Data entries
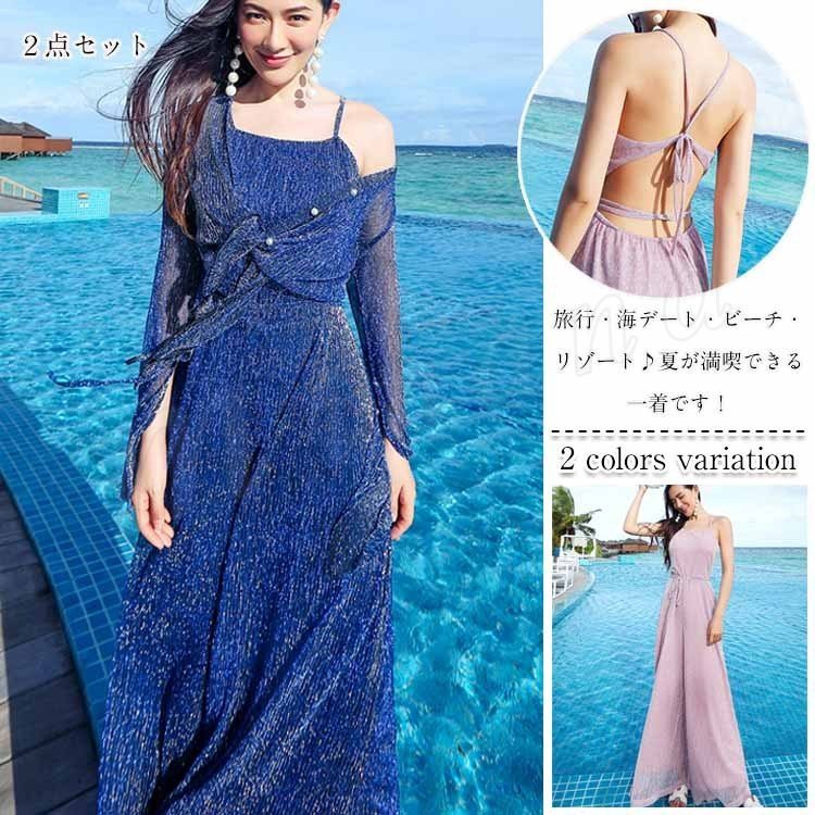リゾートドレス リゾート オールインワン リゾート ファッション リゾートドレス レディース きれいめ 2点セット ワイドパンツ レディース
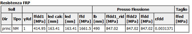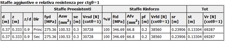 La seguente tabella, che completa le altre due tabelle riportate in precedenza, riporta i dettagli del calcolo della resistenza efficace di progetto di rinforzo a taglio.
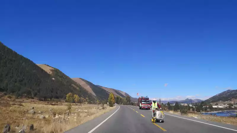 National Highway 549: Paved asphalted road, road builders are doing the final process: drawing lines
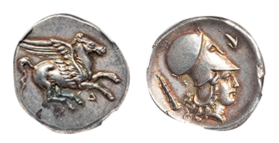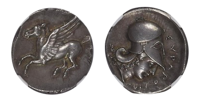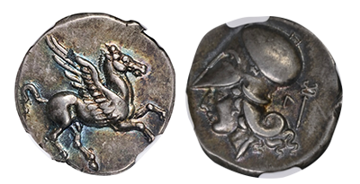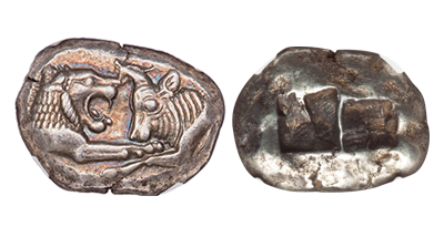 • Sold Out (168)古代ギリシャ 古代都市「アブデラ」「グリフィン/ヘラクレス」 史上最高 Stater銀貨「CH AU Star/Fine Style」!!!
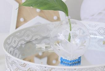 Une fois les perles de votre support bien sèches, il vous faut une boule de Noël que vous allez transformer en vase.Je crois que c'est un des DIY les plus simple que je n'ai jamais fait.Il suffit juste d'enlever le petit crochet au dessus de la boule , de la remplir avec un peu d'eau et d'y glisser votre plante ou votre fleurs !
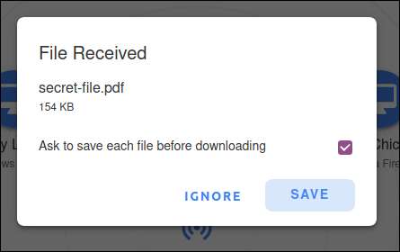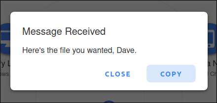 דפדף אל המיקום של הקובץ שאתם רוצים לשלוח ובחרו אותו. אם יש לך קבצים רבים לשלוח, אתה יכול לסמן כמה מהם בבת אחת. לחץ על כפתור "פתח" (הממוקם מחוץ למסך ב צילום המסך שלנו) כדי לשלוח את הקובץ. תיבה "קובץ שהתקבלה" שיח תופיע במחשב היעד ויידע נמען שקובץ נשלח אליהם.
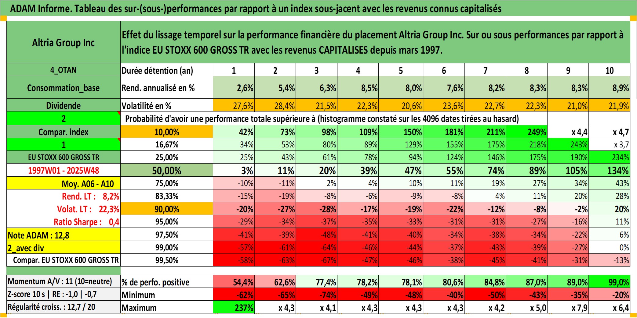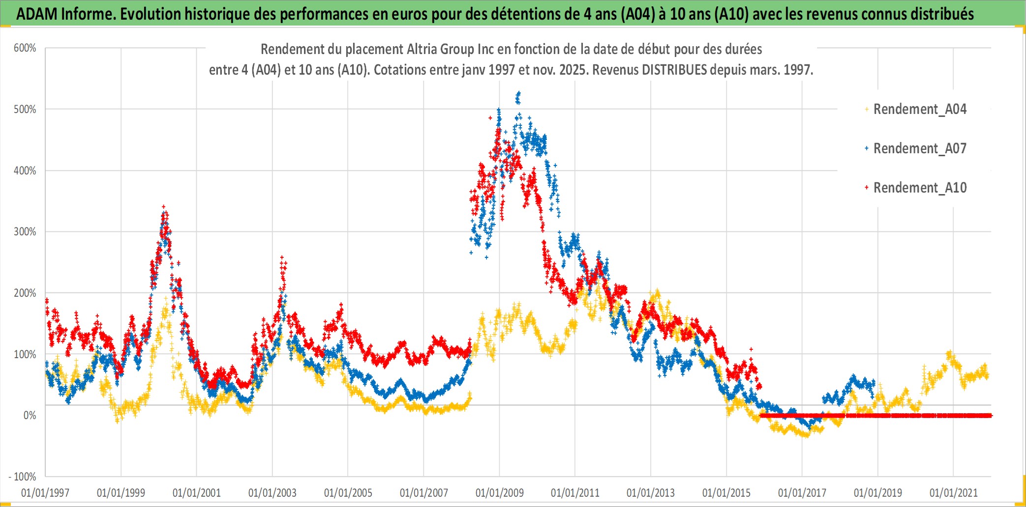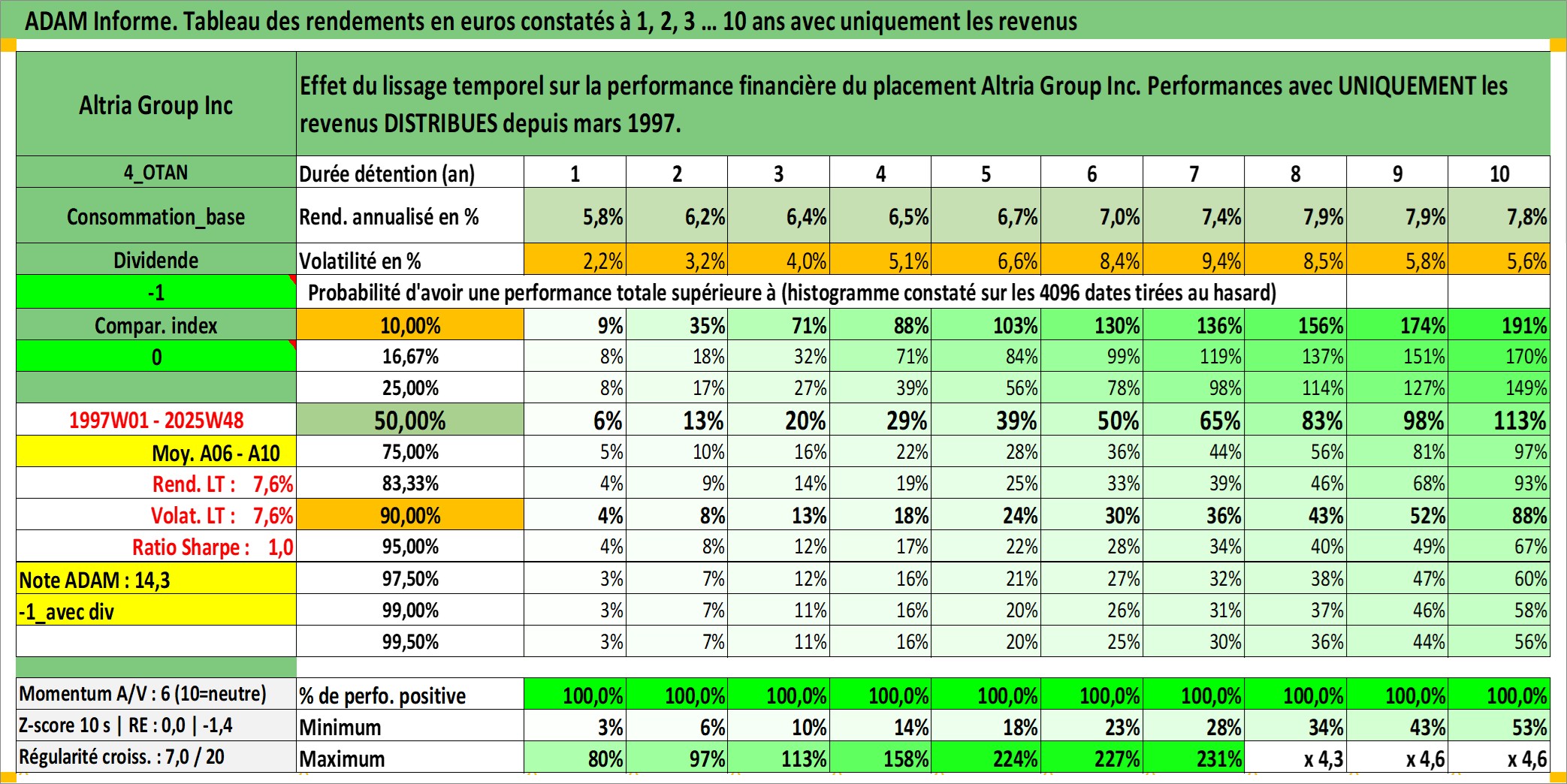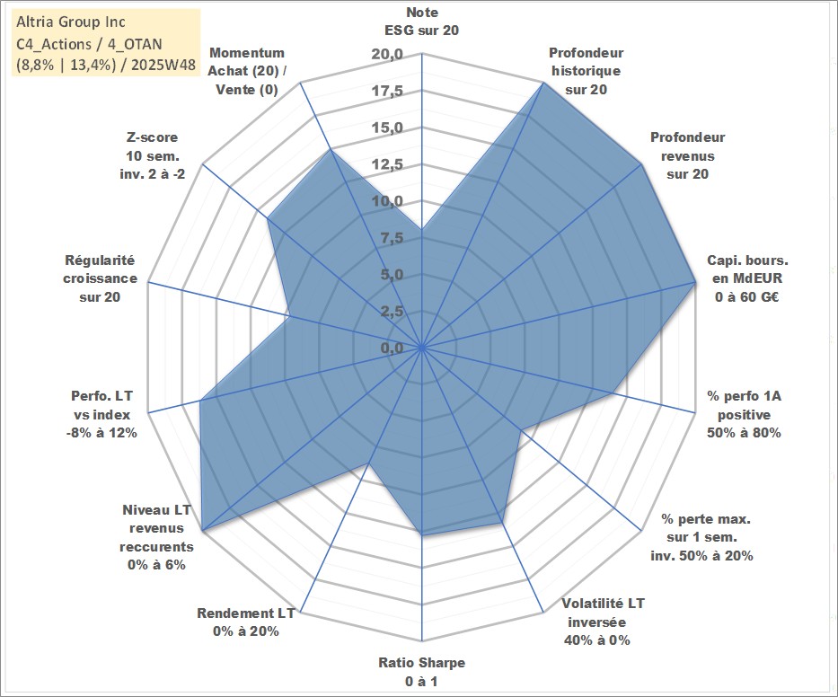 Site dédié aux investisseursPage dédiée sur site financeAnalyse des valorisations hebdomadaires de l'action Altria Group Inc. Cet actif est cote en USD. Les valorisations sont en contrevaleur EURO et couvrent les semaines 1997W01 a 2025W48. Les revenus de cet actif financier sont pris en compte depuis la semaine 1997W11. La note globale ESG de cet actif est estimee a 8.0 (apres rebasage entre 0 et 20).

> [TASK PROMPT]: In the copy, include every line of the entries above exactly and none of the pictures.

> [RESPONSE TO THE TASK]:
リゾートドレス リゾート オールインワン リゾート ファッション リゾートドレス レディース きれいめ 2点セット ワイドパンツ レディース
 La seguente tabella, che completa le altre due tabelle riportate in precedenza, riporta i dettagli del calcolo della resistenza efficace di progetto di rinforzo a taglio.
 National Highway 549: Paved asphalted road, road builders are doing the final process: drawing lines
 • Sold Out (168)古代ギリシャ 古代都市「アブデラ」「グリフィン/ヘラクレス」 史上最高 Stater銀貨「CH AU Star/Fine Style」!!!
 Une fois les perles de votre support bien sèches, il vous faut une boule de Noël que vous allez transformer en vase.Je crois que c'est un des DIY les plus simple que je n'ai jamais fait.Il suffit juste d'enlever le petit crochet au dessus de la boule , de la remplir avec un peu d'eau et d'y glisser votre plante ou votre fleurs !
 דפדף אל המיקום של הקובץ שאתם רוצים לשלוח ובחרו אותו. אם יש לך קבצים רבים לשלוח, אתה יכול לסמן כמה מהם בבת אחת. לחץ על כפתור "פתח" (הממוקם מחוץ למסך ב צילום המסך שלנו) כדי לשלוח את הקובץ. תיבה "קובץ שהתקבלה" שיח תופיע במחשב היעד ויידע נמען שקובץ נשלח אליהם.
 Site dédié aux investisseursPage dédiée sur site financeAnalyse des valorisations hebdomadaires de l'action Altria Group Inc. Cet actif est cote en USD. Les valorisations sont en contrevaleur EURO et couvrent les semaines 1997W01 a 2025W48. Les revenus de cet actif financier sont pris en compte depuis la semaine 1997W11. La note globale ESG de cet actif est estimee a 8.0 (apres rebasage entre 0 et 20).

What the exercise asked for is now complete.